- [Requirement] Write out each record exactly as it stands. No pictures belong in the copy.

Stored items from a collection:
»»

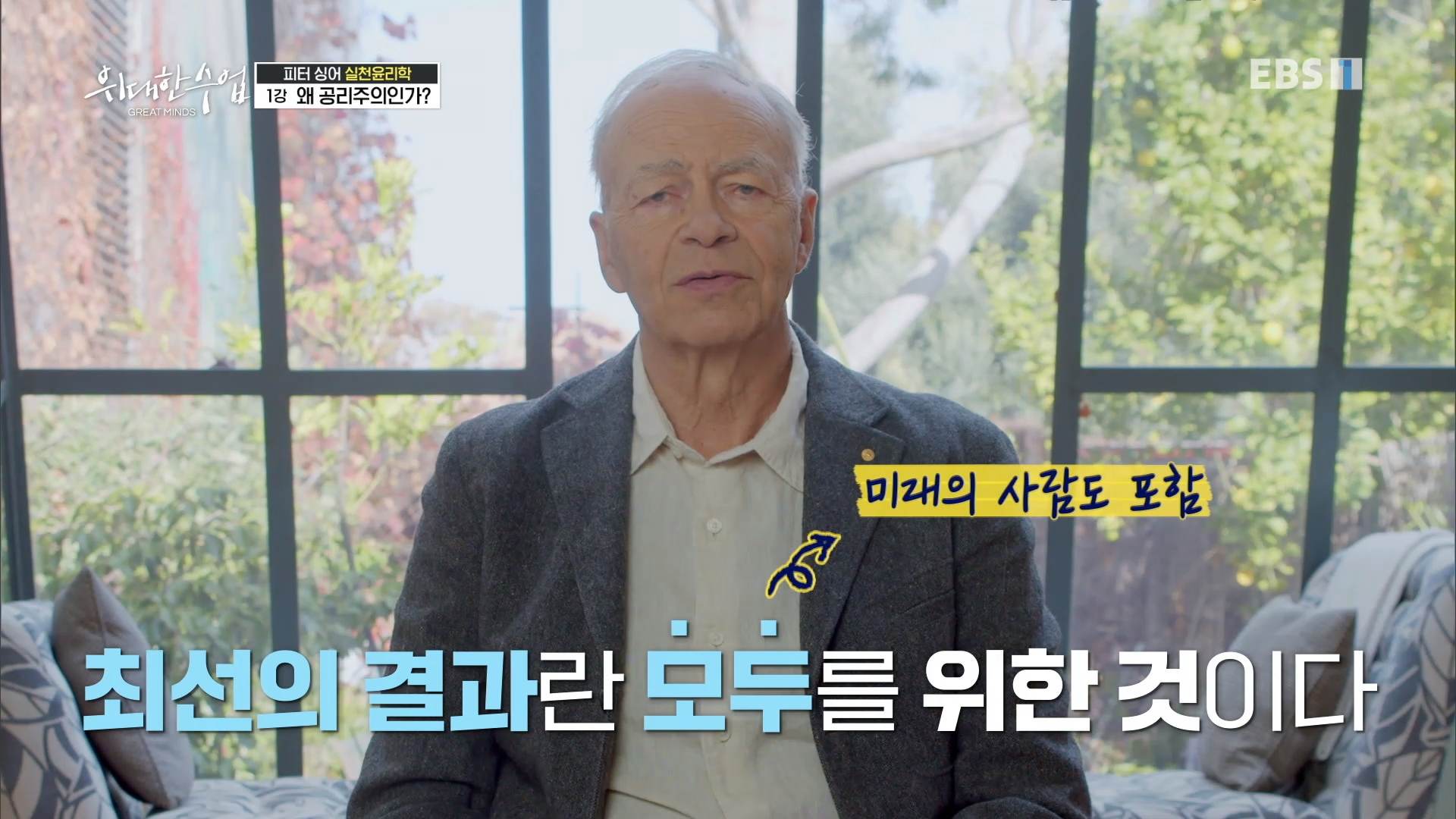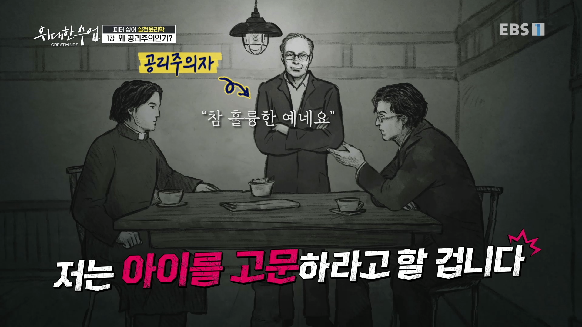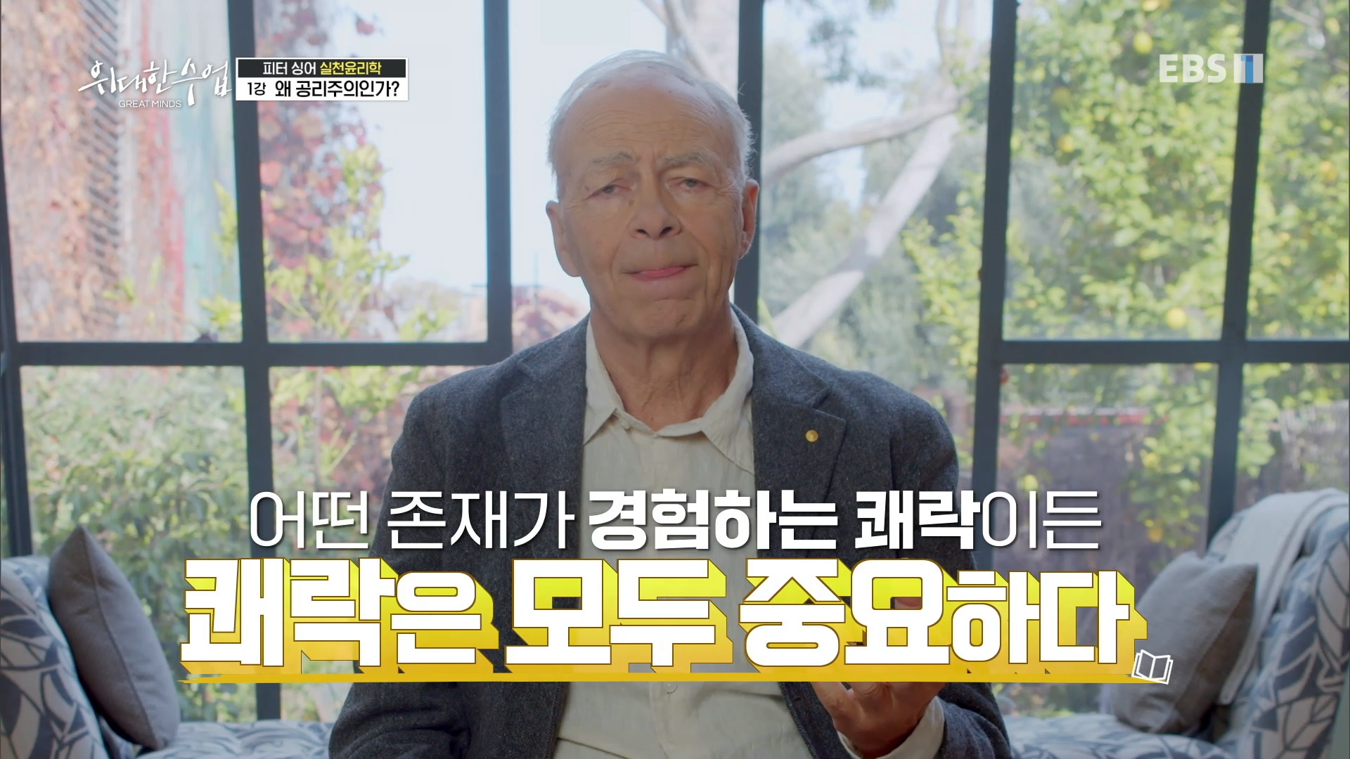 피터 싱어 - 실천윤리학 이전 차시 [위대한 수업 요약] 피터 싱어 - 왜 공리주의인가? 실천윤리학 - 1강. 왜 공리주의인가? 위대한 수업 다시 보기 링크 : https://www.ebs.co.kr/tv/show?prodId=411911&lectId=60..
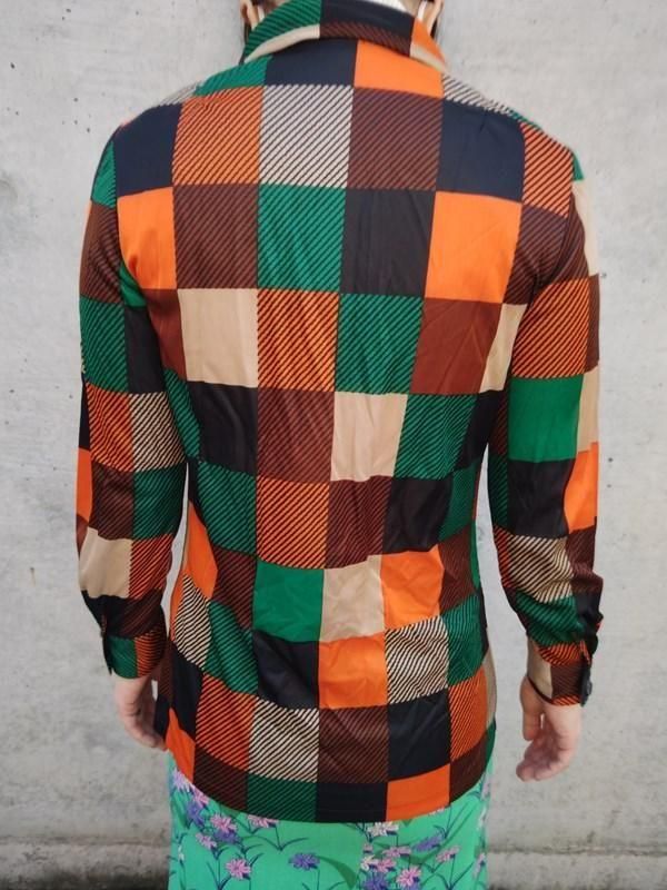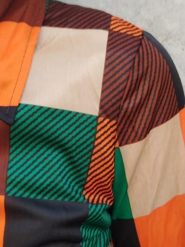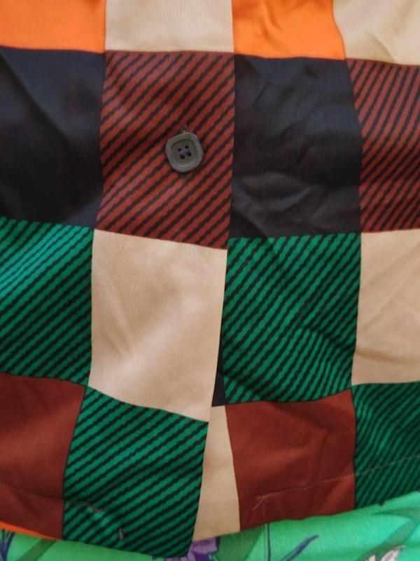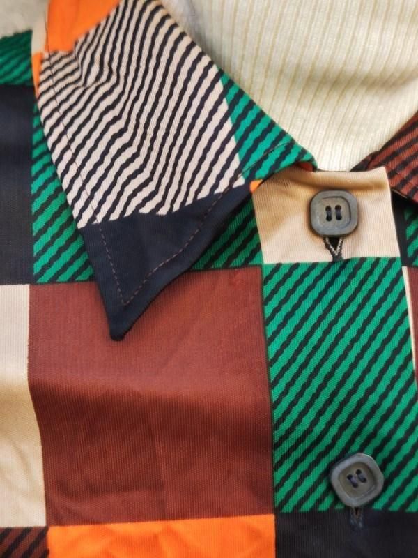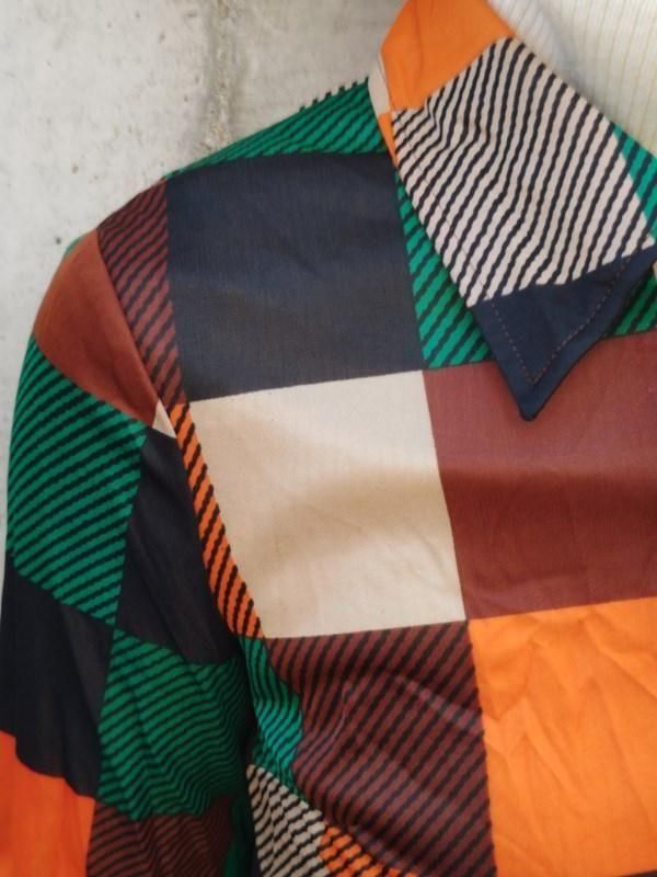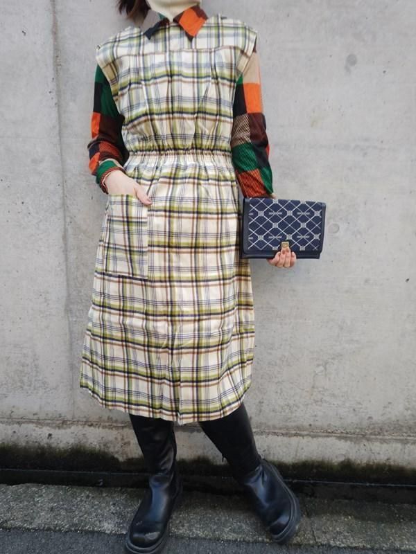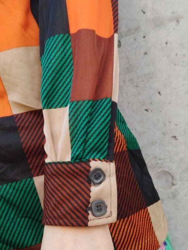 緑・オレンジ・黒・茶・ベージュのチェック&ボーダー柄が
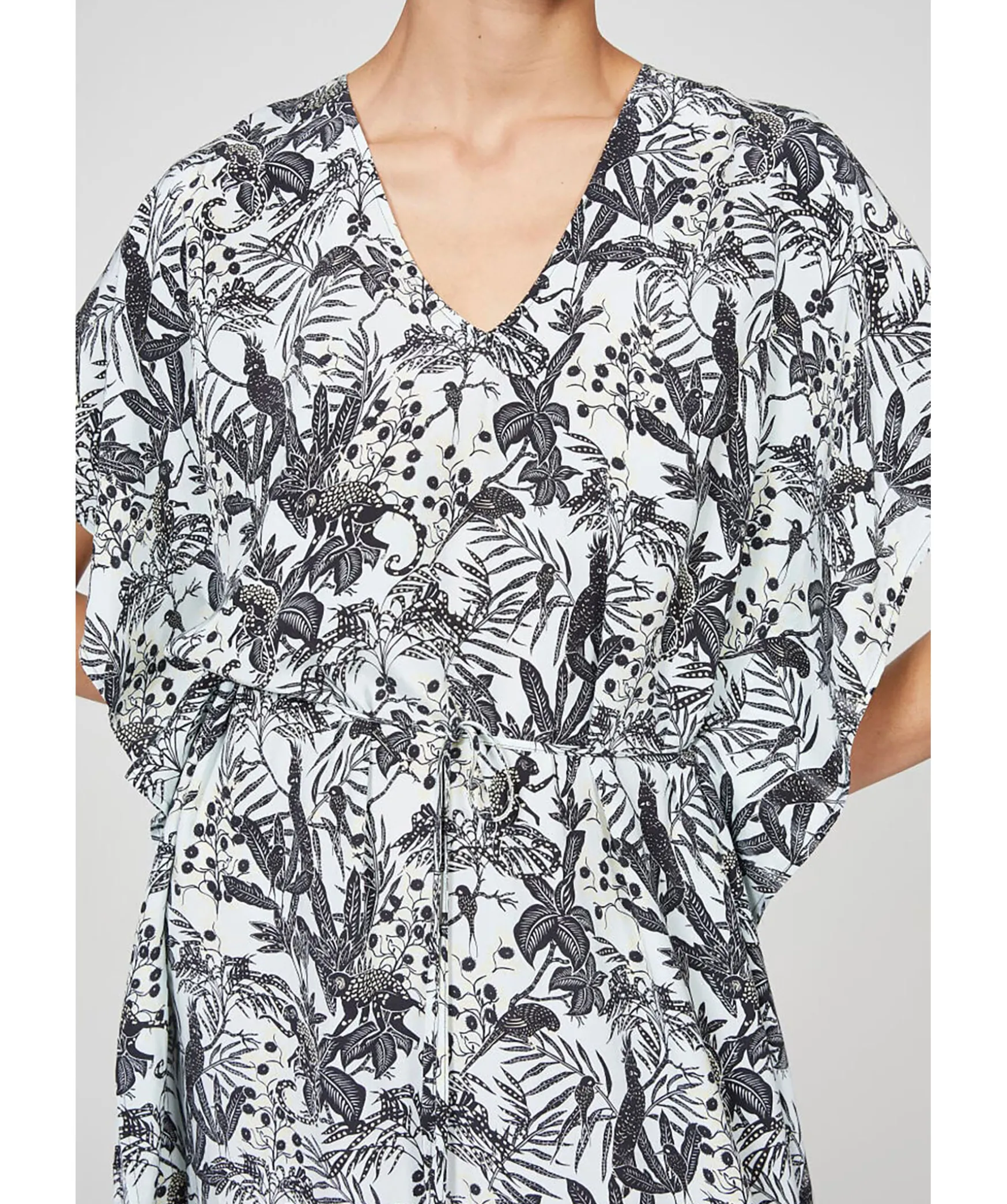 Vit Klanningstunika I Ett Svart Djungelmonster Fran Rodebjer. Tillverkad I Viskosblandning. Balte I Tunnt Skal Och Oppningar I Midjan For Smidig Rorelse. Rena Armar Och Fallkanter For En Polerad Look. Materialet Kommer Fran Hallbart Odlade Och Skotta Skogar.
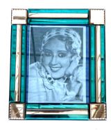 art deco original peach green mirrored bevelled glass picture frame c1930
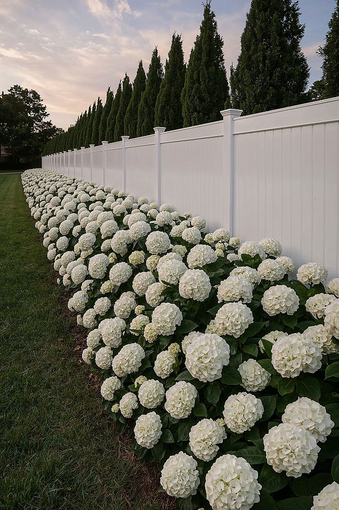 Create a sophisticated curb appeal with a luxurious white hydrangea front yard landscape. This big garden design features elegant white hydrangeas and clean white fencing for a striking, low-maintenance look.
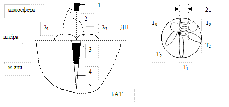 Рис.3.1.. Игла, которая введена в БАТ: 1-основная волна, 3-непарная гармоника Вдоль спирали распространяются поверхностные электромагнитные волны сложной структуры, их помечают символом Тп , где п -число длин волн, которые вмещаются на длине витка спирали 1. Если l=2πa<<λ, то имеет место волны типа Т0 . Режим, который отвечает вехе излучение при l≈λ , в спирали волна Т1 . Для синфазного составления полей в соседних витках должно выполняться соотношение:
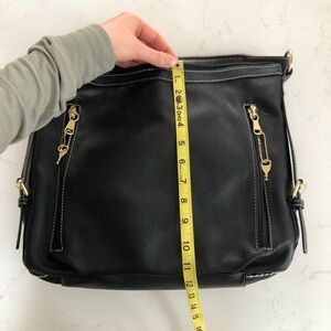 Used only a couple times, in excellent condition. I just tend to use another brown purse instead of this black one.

««

- [Result below]
 피터 싱어 - 실천윤리학 이전 차시 [위대한 수업 요약] 피터 싱어 - 왜 공리주의인가? 실천윤리학 - 1강. 왜 공리주의인가? 위대한 수업 다시 보기 링크 : https://www.ebs.co.kr/tv/show?prodId=411911&lectId=60..
 緑・オレンジ・黒・茶・ベージュのチェック&ボーダー柄が
 Vit Klanningstunika I Ett Svart Djungelmonster Fran Rodebjer. Tillverkad I Viskosblandning. Balte I Tunnt Skal Och Oppningar I Midjan For Smidig Rorelse. Rena Armar Och Fallkanter For En Polerad Look. Materialet Kommer Fran Hallbart Odlade Och Skotta Skogar.
 art deco original peach green mirrored bevelled glass picture frame c1930
 Create a sophisticated curb appeal with a luxurious white hydrangea front yard landscape. This big garden design features elegant white hydrangeas and clean white fencing for a striking, low-maintenance look.
 Рис.3.1.. Игла, которая введена в БАТ: 1-основная волна, 3-непарная гармоника Вдоль спирали распространяются поверхностные электромагнитные волны сложной структуры, их помечают символом Тп , где п -число длин волн, которые вмещаются на длине витка спирали 1. Если l=2πa<<λ, то имеет место волны типа Т0 . Режим, который отвечает вехе излучение при l≈λ , в спирали волна Т1 . Для синфазного составления полей в соседних витках должно выполняться соотношение:
 Used only a couple times, in excellent condition. I just tend to use another brown purse instead of this black one.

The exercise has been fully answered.